Your instructions
Don't include pictures. Quote the lines below from the first through the line that contains "Gradnja je izvršena".

Supplied data
######

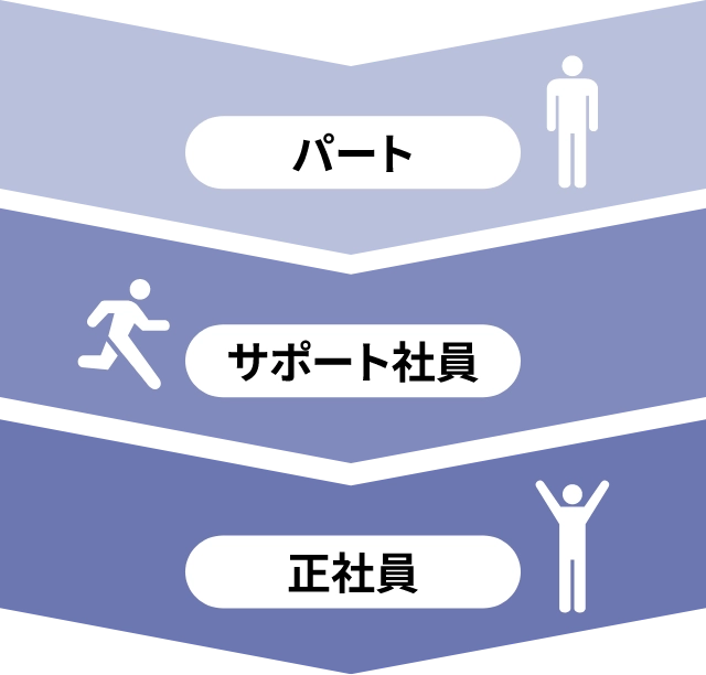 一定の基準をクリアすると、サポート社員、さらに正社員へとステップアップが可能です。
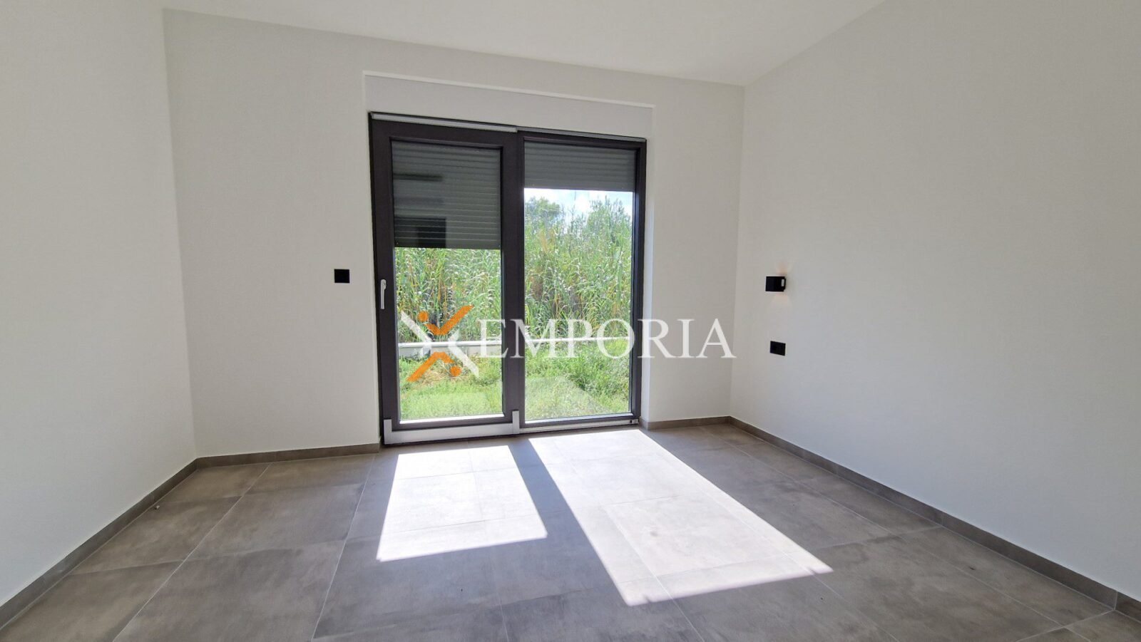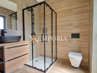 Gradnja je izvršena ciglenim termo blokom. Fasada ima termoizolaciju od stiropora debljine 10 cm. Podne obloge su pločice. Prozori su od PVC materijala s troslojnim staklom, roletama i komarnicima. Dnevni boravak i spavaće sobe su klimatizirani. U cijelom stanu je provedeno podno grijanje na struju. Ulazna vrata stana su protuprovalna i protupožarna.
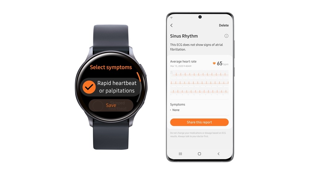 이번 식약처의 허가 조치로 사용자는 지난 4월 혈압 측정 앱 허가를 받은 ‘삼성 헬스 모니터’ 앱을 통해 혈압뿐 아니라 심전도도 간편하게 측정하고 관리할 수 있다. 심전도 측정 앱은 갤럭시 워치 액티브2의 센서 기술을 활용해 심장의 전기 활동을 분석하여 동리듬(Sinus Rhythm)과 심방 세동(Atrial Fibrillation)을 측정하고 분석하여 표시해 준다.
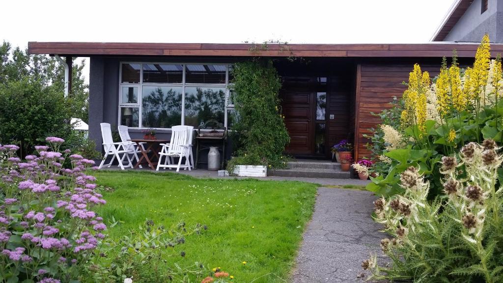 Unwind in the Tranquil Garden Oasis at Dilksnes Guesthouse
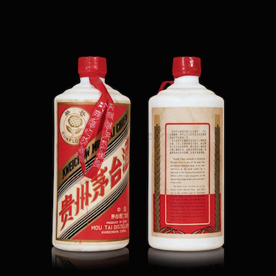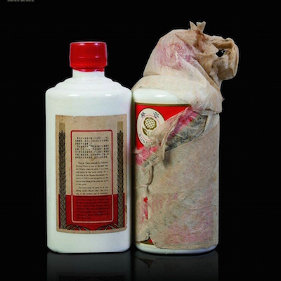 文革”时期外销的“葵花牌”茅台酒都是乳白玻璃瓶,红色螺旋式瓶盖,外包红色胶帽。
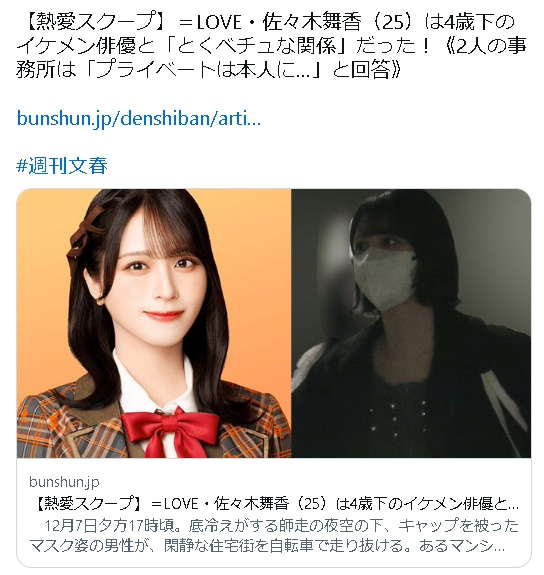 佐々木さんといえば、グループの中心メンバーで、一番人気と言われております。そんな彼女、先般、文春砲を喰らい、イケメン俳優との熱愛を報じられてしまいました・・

######

Written answer
 一定の基準をクリアすると、サポート社員、さらに正社員へとステップアップが可能です。
 Gradnja je izvršena ciglenim termo blokom. Fasada ima termoizolaciju od stiropora debljine 10 cm. Podne obloge su pločice. Prozori su od PVC materijala s troslojnim staklom, roletama i komarnicima. Dnevni boravak i spavaće sobe su klimatizirani. U cijelom stanu je provedeno podno grijanje na struju. Ulazna vrata stana su protuprovalna i protupožarna.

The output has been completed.